Soon, having exhausted all her energy and with a full belly, the baby began to fall asleep in my arms, drooling, and I wrapped her in the folds of my coat.
“You’re quite good with the baby. Where did you learn that skill?”
That voice came from below me on my right.
“When I was about nine, I needed money urgently, so I worked at a place that cared for children with disabilities. Well, it wasn’t that difficult—the adults handled the severely disabled children, and I just looked after those who were a bit behind.”
“Hmm. So after handling the difficult, the easy is like chewing gum?”
“You could say that. Compared to dealing with a non-verbal autistic patient, this is nothing.”
I had seen a teenager, who looked twice my age, howling like a beast.
His mother, who despite being in her 30s looked like she was in her 50s, held onto the child with a resigned expression.
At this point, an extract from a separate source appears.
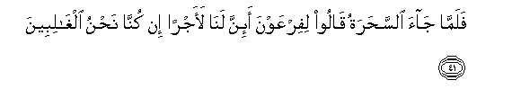 41. Falamma jaa alssaharatu qaloo lifirAAawna a-inna lana laajran in kunna nahnu alghalibeena
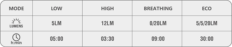 Výdrž svícení je přes 30 hodin v ECO režimu nebo např. 9 hodin v ohleduplném režimu Breathing pulzní blikačky. Režimy, výkony světla a výdrže jsou uvedeny v tabulce níže.

The child was thrashing about despite needing to be hospitalized for a head wound he got while running around.
If you ask why, the reason is simple.
Because he doesn’t understand the concept of hospitalization.
But he does understand the concept of pain.
Yet he has no concept that treatment is necessary to eliminate pain.
That’s why he thrashes about like that.
For me, who had cared for pitiful souls unable to comprehend even the concept of death, looking after a child who was merely innocent in her ignorance wasn’t particularly difficult.
“Yes, I suppose that’s true.”
The adventurer seemed to accept my explanation and didn’t say anything more.
And so we reached one-third of our destination, and when it was around 32 o’clock, the caravan stopped to set up camp so we could rise with the sun tomorrow.